Aperture Grill tubes are common in monitors such as the professional series CRTs made by Sony, Mitsubishi, Viewsonic etc. , designed for graphic professionals or anyone who appreciates how important the monitor is.

And no,.. in one year LCDs will not have made my Sony FW900 obsolete :)

kush
29th of July 2003 (Tue), 06:06
CyberDyneSystems wrote:
Aperture grill monitors offer brighter and more vivid/accurate colors. A designer who is concerned with matching colors perfectly or a user who just wants great color would probably want an aperture grill monitor. Aperture grill CRTs are more expensive but offer noticeably better color and brightness.

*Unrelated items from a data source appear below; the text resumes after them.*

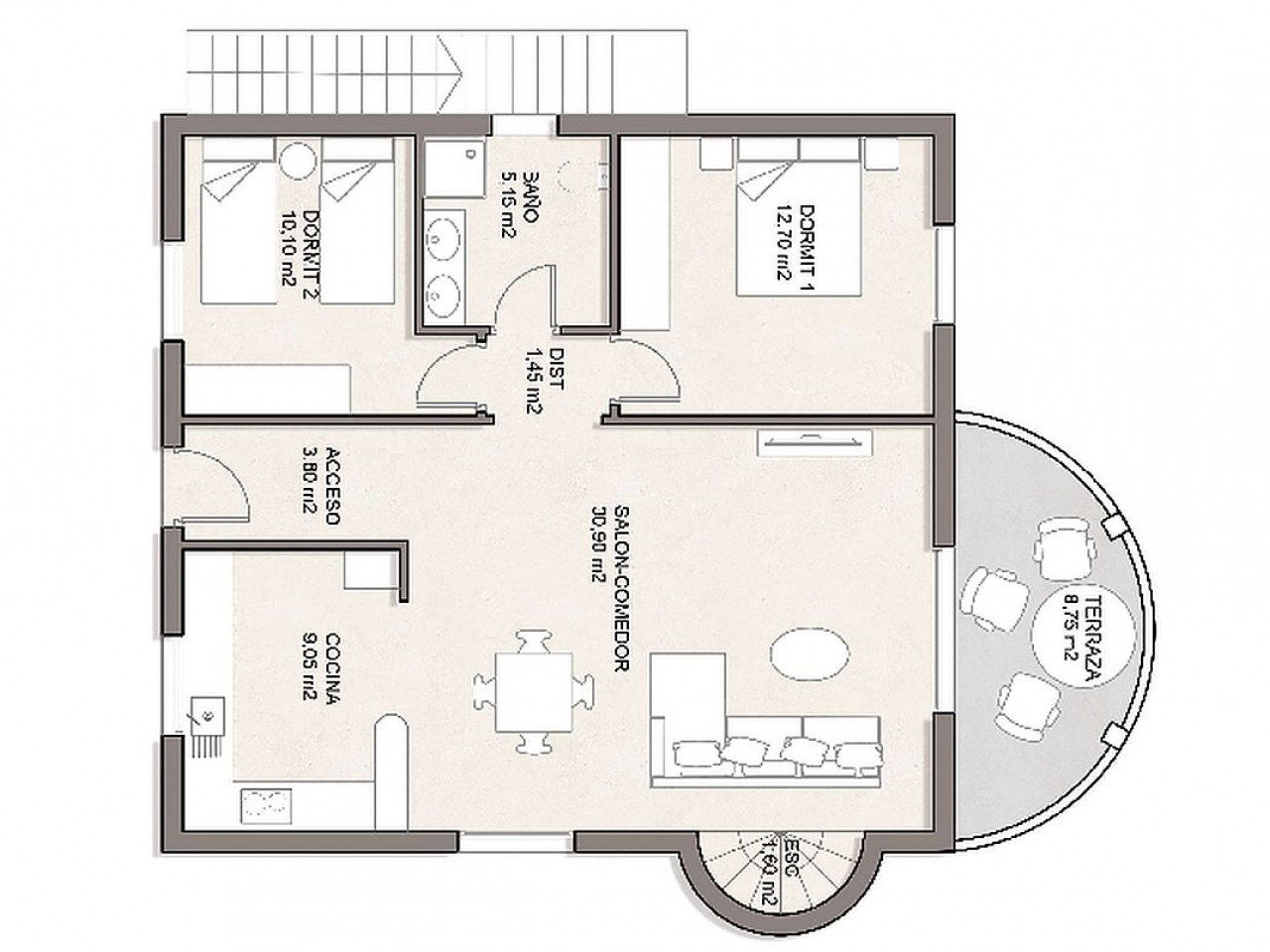 Vilas sudaro 3 miegamieji, viena didelė svetainė, baldais apstatyta virtuvė su buitine technika, 3 vonios kambariai ir terasa. Kiekviena vila turi atskirą sklypą su terasa, sodu su baseinu ir vieta automobiliui.
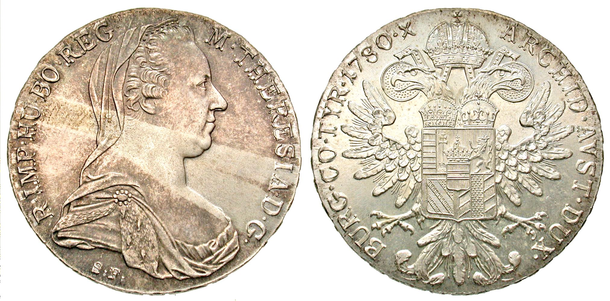 Austria. Maria Theresa. 1743-1780. AR thaler (40.6 mm, 28.09 g, 12 h). probable restrike. "dated" 1780. M · THERESIA · D · G · R · IMP · HU · BO · REG , veiled and draped bust of Maria Theresa right, brooch on shoulder; S.F. (engraver's initials) beneath bust / ARCHID · AVST · DUX · BURG · CO · TYR · 1780 · X, crowned Austro-Hungarian Imperial eagle facing, wings spread, double-crowned arms on breast . Cf. KM 1866.3. MS, some brownish toning on areas of obverse; reverse bright with very light toning.
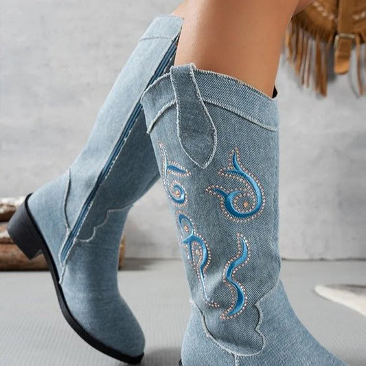 Stivali a metà polpaccio con tacco spesso, punta affilata, cerniera e ricamo strass

(ever have a monitor that had to be set at 100% contrast all the time... it was a shadow mask I gurantee! )

Shadow Mask based CRTs are lower cost and are the most common type of CRT. The shadow mask is a metal plate with many tiny holes that guide the electron beam to line up on the phosphor elements that glow to produce images.

Shadow mask CRTs are less expensive and good for word processing and spreadsheets and common, typical work related applications, which explains their popularity.

Aperture Grill tubes are common in monitors such as the professional series CRTs made by Sony, Mitsubishi, Viewsonic etc. , designed for graphic professionals or anyone who appreciates how important the monitor is.

And no,.. in one year LCDs will not have made my Sony FW900 obsolete :)



Thank you Cyber.

My point on the obsolescence is not that your very nice monitor will belong in the trash bin any time soon (and it is an incredibly nice monitor). Its that the manfacturers will no longer make that monitor because they'll come up with equal or better TFT technology. I'm pretty sure right now there isn't much R&D money going into the tubes.